Testing, testing, one two three

I finally managed to get a print-out of my negative, ooh-lovely-healthy-lady-garden chlamydia result, by visiting the GP receptionists twice and phoning the nurse once. Yet another hurdle May the IVF Ox eventually managed to plough through. The next step is to commence menstruating, then call Riverside Clinic and announce Day One, and book the Initial Scan And Nurse Appointment, which will happen on day two or three or four (and knowing my tendency to be horribly unwell on day two and even three, we’re hoping to wrangle a day four appointment), and then, we frogmarch Satsuma into gleeful overproduction. Hopefully. Needles up the cooter!

(Period still hasn’t started, but I have cramps severe enough to make me feel a little sick, so any minute now. Any minute. Am wearing black underpants).

(Also, 14 day luteal phase? What the actual fuck, Satsuma? Is this the buserelin? It can’t be pregnancy, because H and I didn’t have sex this month before ovulation, and I am very much not the Virgin Mary).

So, on Thursday last H and I went to see the embryologists at Riverside. We were met by an extremely nice young person with a very sweet smile. We sat in an office with a myriad bits of paper and Had Things Explained To Us. I do not know if I can therefore Explain Things To You, Gentle Reader, but I will give it a go.

Because we have had up to nine misarriages (nine. Good God Almighty, I hate chemical pregnancies. I hate them so much. Too pathetic and brief to mourn, too fucking infuriating and miserable to ignore. And here on Infertility Island, they’re data, so I cannot ignore them even if every professional assvisor in Western Europe is telling me to) – where was I? That parenthesis rather took over.

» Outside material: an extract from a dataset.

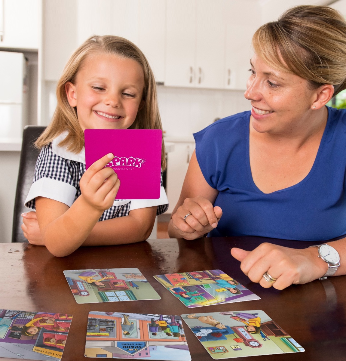 48 kort. Sekvenskort som sätter igång berättande och fantasi. 8 berättelser med 6 kort i varje sekvens. Berättelserna är Förberedning för oväder, Läskförsäljning, Hos veterinären, Spela fotboll, Till biblioteket, Att duka bordet, Plantera blommor och Åka till stranden. Öva på att artikulera och göra olika ljud, öka ordförrådet och känn igen strukturen i en berättelse. En handledning medföljer på engelska. Från 3 år.

Because we have had so very many early miscarriages, there is a strong possibility that H and I, for whatever reason, are incapable of creating a normal embryo. Basically, for those of you who did not do Embryology 101, every human cell contains 23 pairs of chromosomes, and in each pair, one was inherited from the mother, and one from the father. The only human cells therefore not to have 46 chromosomes are sperm and egg, and when they get together to make sweet sweet love embryo, the embryo ends up with a full set of 46. We know we, May and H, both have normal chromosomes ourselves, but in the fun and games of sperm and egg, it is not uncommon for the sperm, or the egg, to have lost a vital bit somewhere, or to be bringing an extra bit with them. This results in embryos with aneuploidy, which is fancy Greek for ‘not an ideal number of chromosomes’ or ‘oh, fuck, oops’. An anuploid embryo, which has too many or too few chromosomes, usually entirely fails to live until implantation. Of the rest, most die within a few days or weeks of implantation. And of those that survive until birth, many poor babies will have lethal deformities and health issues. And some few luckier ones will live, with varying degrees of problems and life-limitations, for varying amounts of time. But, basically, aneuploidy is not a good thing at all. And there is a marked possibility, given our history, that we produce many, possibly nothing but, aneuploid embryos.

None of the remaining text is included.